In the records below, find the line containing "덕분에 사용자의 다양한" and the line containing "Starter Pack Stuntshow Moto". Give again exactly those lines and every line between them, omitting the pictures.

INFORMATION GIVEN |
[Start of Attachment]

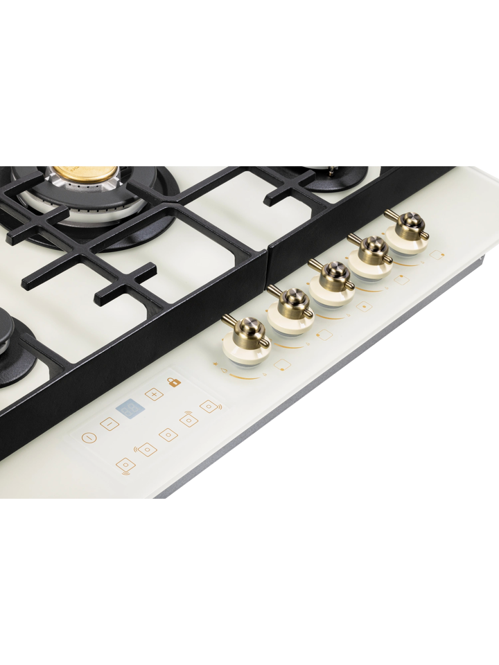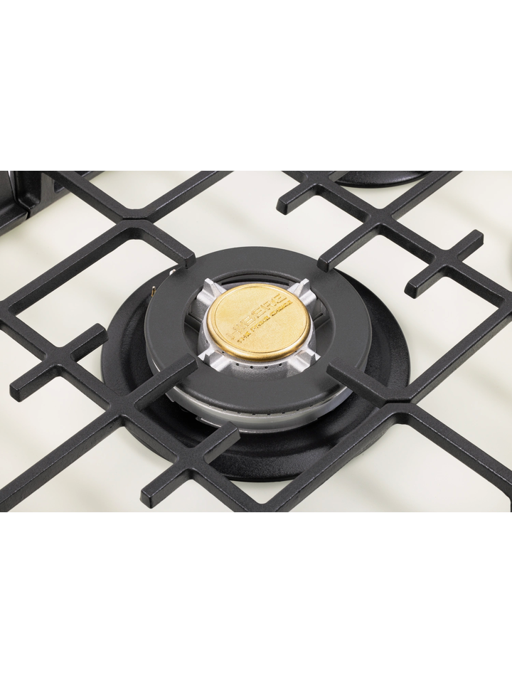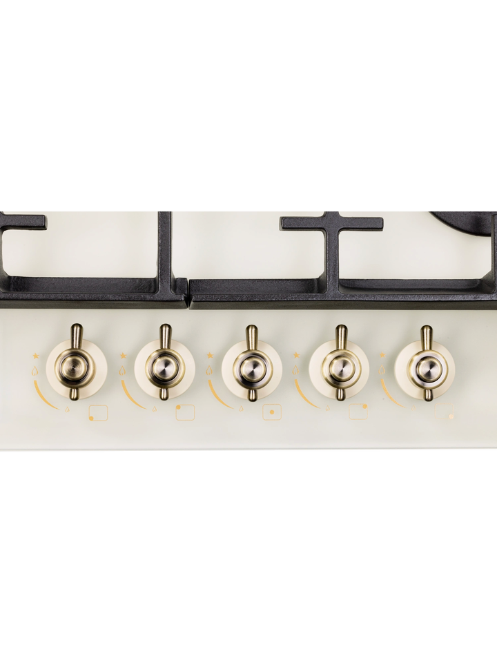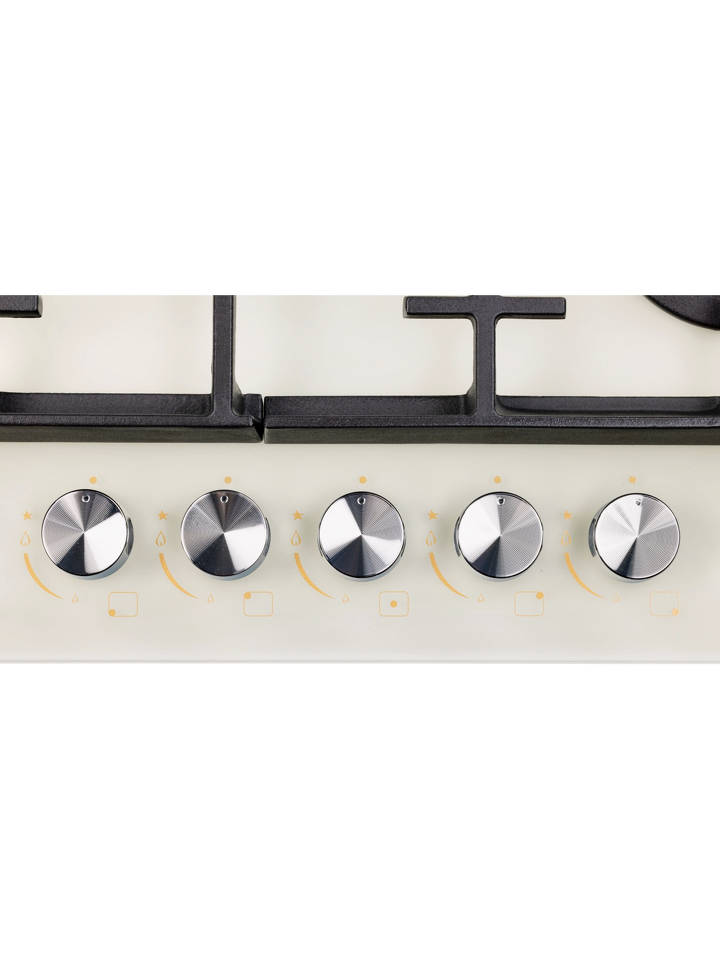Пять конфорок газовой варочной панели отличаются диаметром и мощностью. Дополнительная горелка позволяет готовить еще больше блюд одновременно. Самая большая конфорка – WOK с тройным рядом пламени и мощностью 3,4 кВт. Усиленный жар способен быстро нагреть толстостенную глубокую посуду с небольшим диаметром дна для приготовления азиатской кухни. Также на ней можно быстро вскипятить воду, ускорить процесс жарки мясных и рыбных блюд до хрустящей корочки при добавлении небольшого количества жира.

[End of Attachment]
[Start of Attachment]

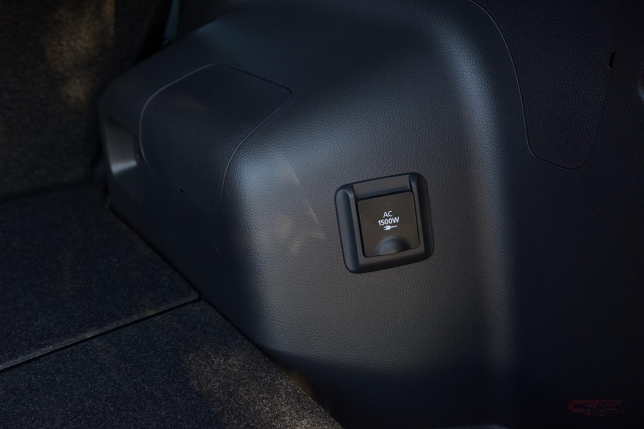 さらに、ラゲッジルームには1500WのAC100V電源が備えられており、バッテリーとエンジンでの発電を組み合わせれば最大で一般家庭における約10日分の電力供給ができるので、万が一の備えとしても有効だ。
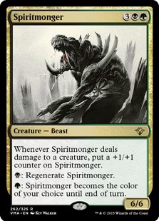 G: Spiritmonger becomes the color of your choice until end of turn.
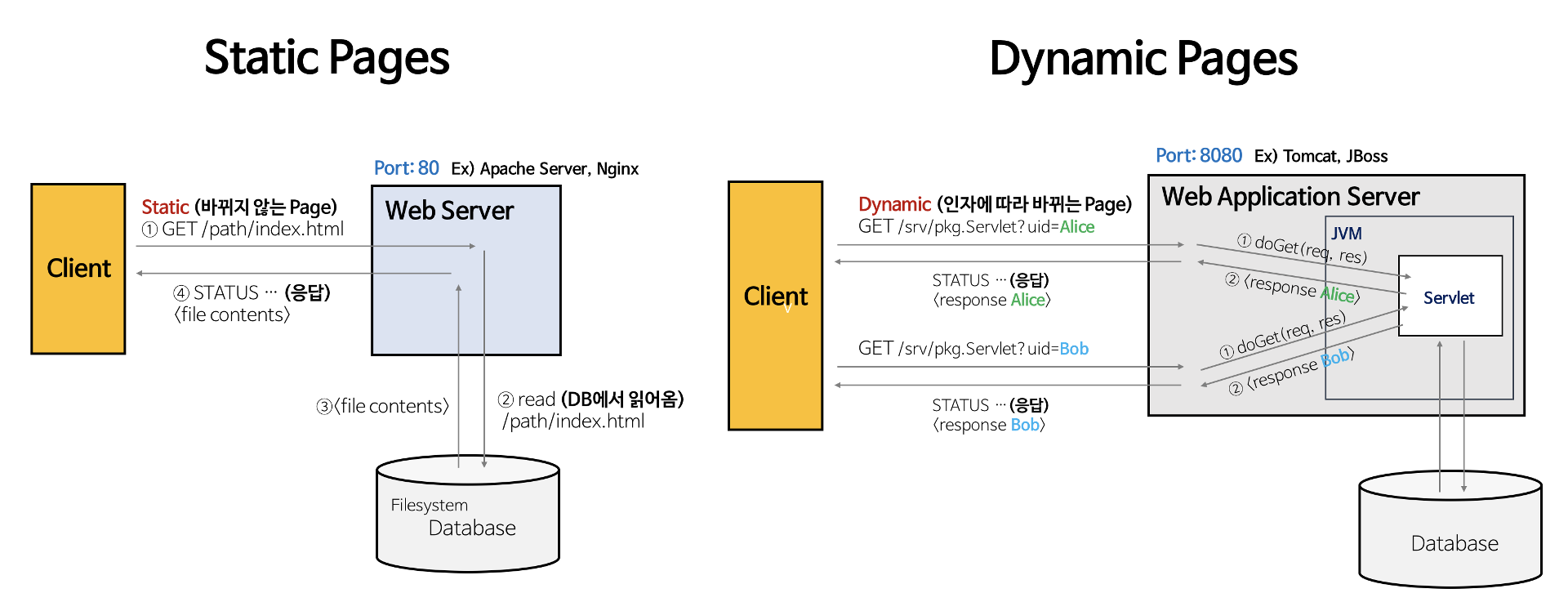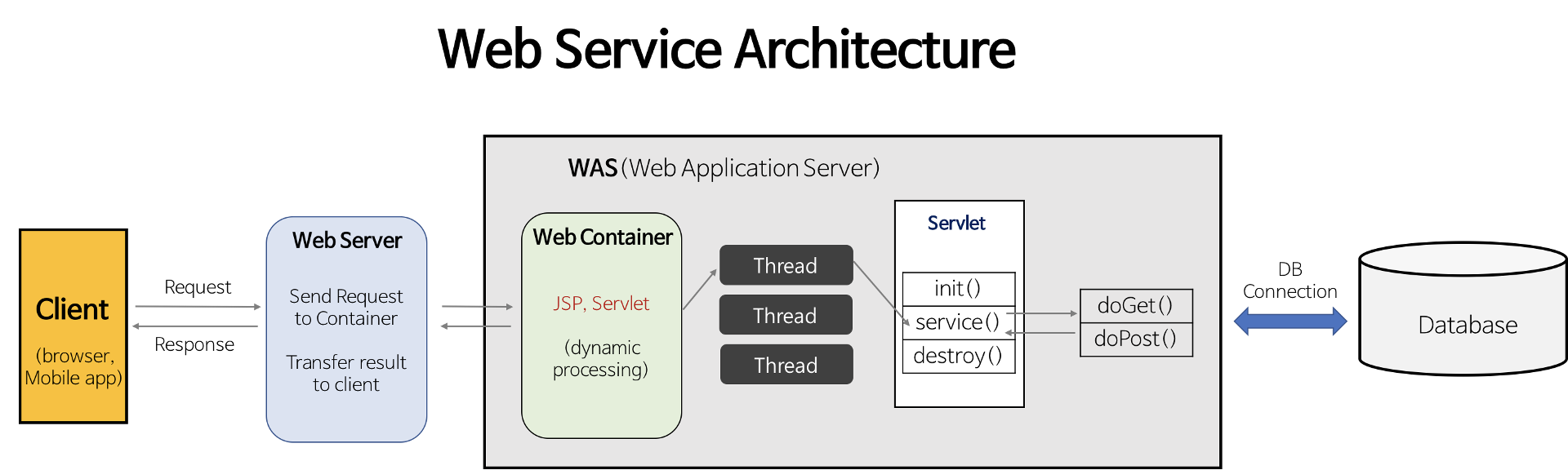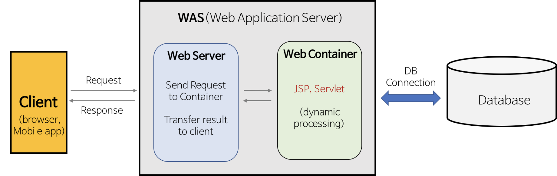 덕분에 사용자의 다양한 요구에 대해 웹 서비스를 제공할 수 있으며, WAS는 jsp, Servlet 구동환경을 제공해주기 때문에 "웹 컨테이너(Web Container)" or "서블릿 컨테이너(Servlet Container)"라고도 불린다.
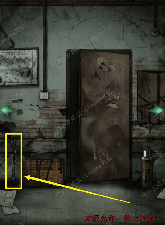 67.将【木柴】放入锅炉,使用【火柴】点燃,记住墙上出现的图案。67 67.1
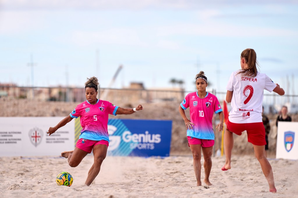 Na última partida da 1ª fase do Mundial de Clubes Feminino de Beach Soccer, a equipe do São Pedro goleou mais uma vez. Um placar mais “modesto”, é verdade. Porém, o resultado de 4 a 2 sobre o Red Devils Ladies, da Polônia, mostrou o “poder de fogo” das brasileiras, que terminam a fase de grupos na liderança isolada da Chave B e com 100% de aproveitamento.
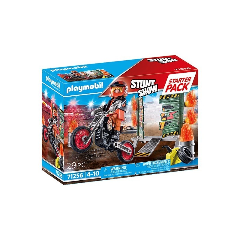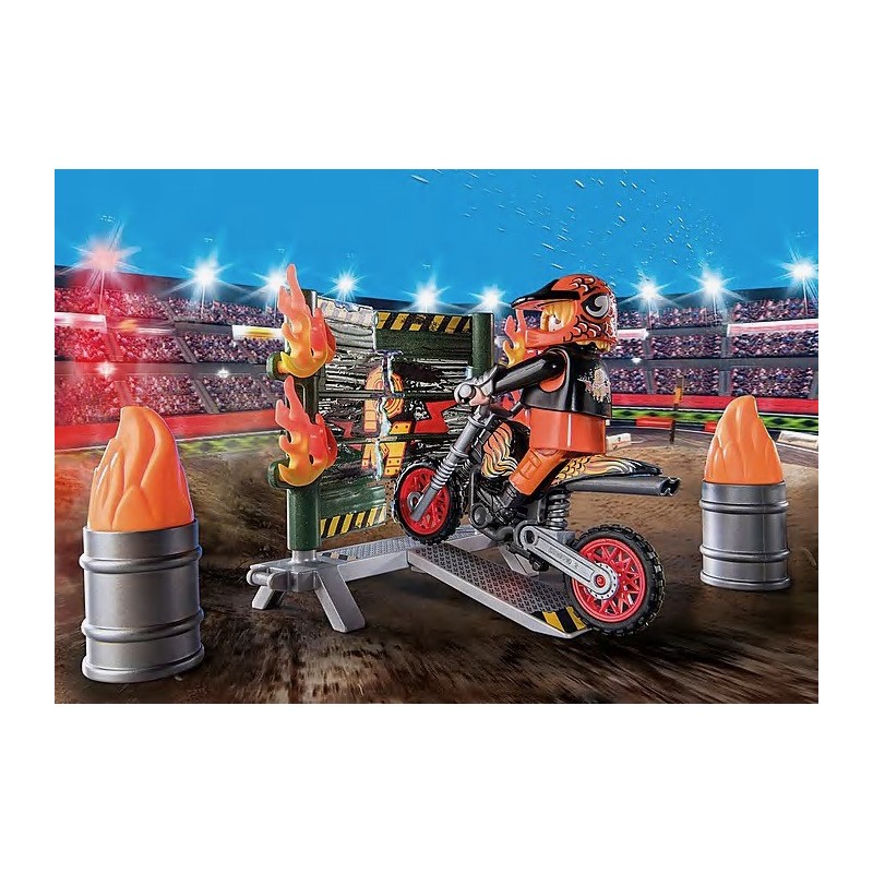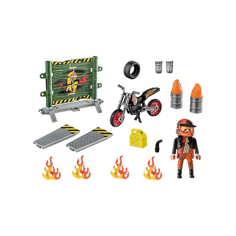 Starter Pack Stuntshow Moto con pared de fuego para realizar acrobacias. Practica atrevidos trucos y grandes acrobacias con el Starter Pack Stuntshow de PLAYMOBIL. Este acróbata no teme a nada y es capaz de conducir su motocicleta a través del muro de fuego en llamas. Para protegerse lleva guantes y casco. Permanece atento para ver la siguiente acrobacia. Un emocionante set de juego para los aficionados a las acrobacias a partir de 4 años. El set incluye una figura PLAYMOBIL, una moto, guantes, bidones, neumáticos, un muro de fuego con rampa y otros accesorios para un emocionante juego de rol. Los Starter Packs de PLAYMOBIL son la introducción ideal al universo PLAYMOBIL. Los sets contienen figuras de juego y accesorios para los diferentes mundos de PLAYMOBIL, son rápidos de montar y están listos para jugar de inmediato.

[End of Attachment]
[Start of Attachment]

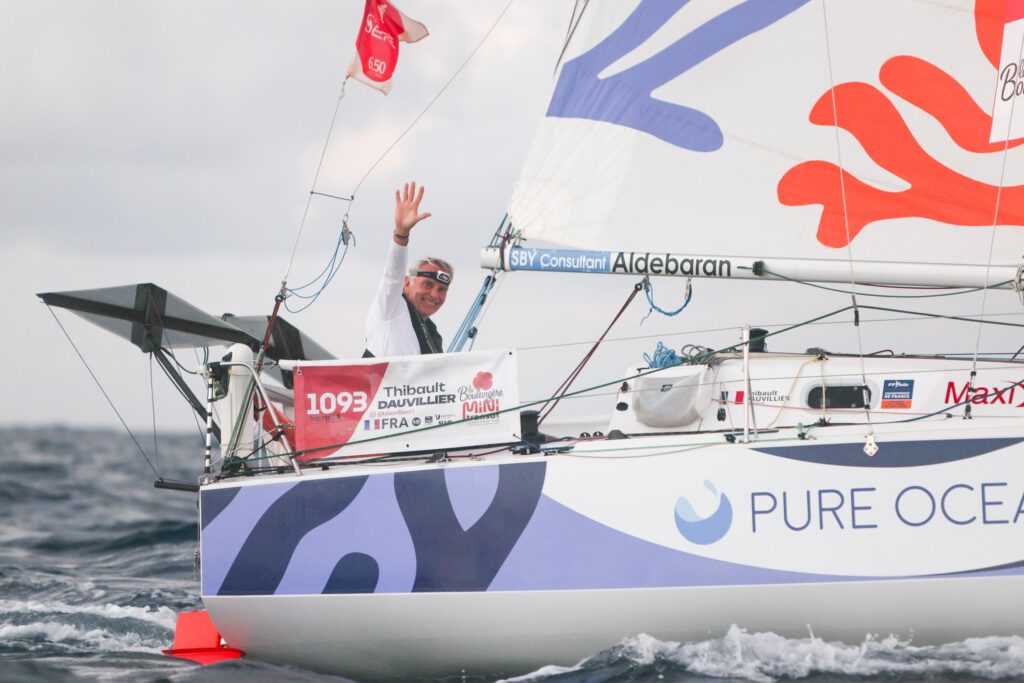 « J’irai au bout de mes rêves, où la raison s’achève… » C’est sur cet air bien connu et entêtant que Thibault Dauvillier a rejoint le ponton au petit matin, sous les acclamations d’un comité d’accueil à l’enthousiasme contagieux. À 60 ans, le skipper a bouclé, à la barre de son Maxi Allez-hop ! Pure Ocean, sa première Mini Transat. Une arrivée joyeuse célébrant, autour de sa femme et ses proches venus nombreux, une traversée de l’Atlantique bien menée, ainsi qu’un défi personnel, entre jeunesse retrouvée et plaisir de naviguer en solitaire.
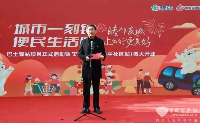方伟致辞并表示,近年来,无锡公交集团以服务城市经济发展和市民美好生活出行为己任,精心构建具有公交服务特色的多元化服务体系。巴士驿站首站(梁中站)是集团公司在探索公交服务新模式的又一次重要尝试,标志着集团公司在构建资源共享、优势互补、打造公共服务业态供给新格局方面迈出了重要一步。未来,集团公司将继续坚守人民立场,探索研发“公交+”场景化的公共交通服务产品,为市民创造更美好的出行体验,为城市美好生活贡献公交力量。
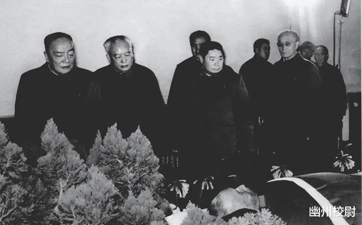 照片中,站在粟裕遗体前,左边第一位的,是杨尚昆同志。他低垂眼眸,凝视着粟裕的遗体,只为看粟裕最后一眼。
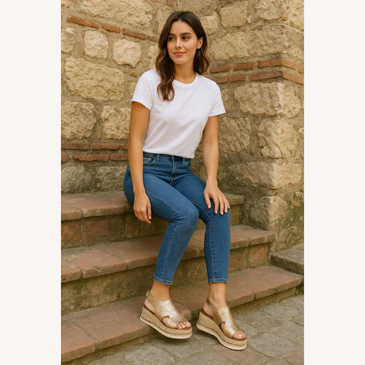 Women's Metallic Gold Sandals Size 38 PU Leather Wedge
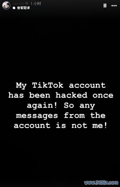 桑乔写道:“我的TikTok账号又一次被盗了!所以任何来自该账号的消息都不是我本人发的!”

[End of Attachment]

EXPECTED OUTPUT |
 덕분에 사용자의 다양한 요구에 대해 웹 서비스를 제공할 수 있으며, WAS는 jsp, Servlet 구동환경을 제공해주기 때문에 "웹 컨테이너(Web Container)" or "서블릿 컨테이너(Servlet Container)"라고도 불린다.
 67.将【木柴】放入锅炉,使用【火柴】点燃,记住墙上出现的图案。67 67.1
 Na última partida da 1ª fase do Mundial de Clubes Feminino de Beach Soccer, a equipe do São Pedro goleou mais uma vez. Um placar mais “modesto”, é verdade. Porém, o resultado de 4 a 2 sobre o Red Devils Ladies, da Polônia, mostrou o “poder de fogo” das brasileiras, que terminam a fase de grupos na liderança isolada da Chave B e com 100% de aproveitamento.
 Starter Pack Stuntshow Moto con pared de fuego para realizar acrobacias. Practica atrevidos trucos y grandes acrobacias con el Starter Pack Stuntshow de PLAYMOBIL. Este acróbata no teme a nada y es capaz de conducir su motocicleta a través del muro de fuego en llamas. Para protegerse lleva guantes y casco. Permanece atento para ver la siguiente acrobacia. Un emocionante set de juego para los aficionados a las acrobacias a partir de 4 años. El set incluye una figura PLAYMOBIL, una moto, guantes, bidones, neumáticos, un muro de fuego con rampa y otros accesorios para un emocionante juego de rol. Los Starter Packs de PLAYMOBIL son la introducción ideal al universo PLAYMOBIL. Los sets contienen figuras de juego y accesorios para los diferentes mundos de PLAYMOBIL, son rápidos de montar y están listos para jugar de inmediato.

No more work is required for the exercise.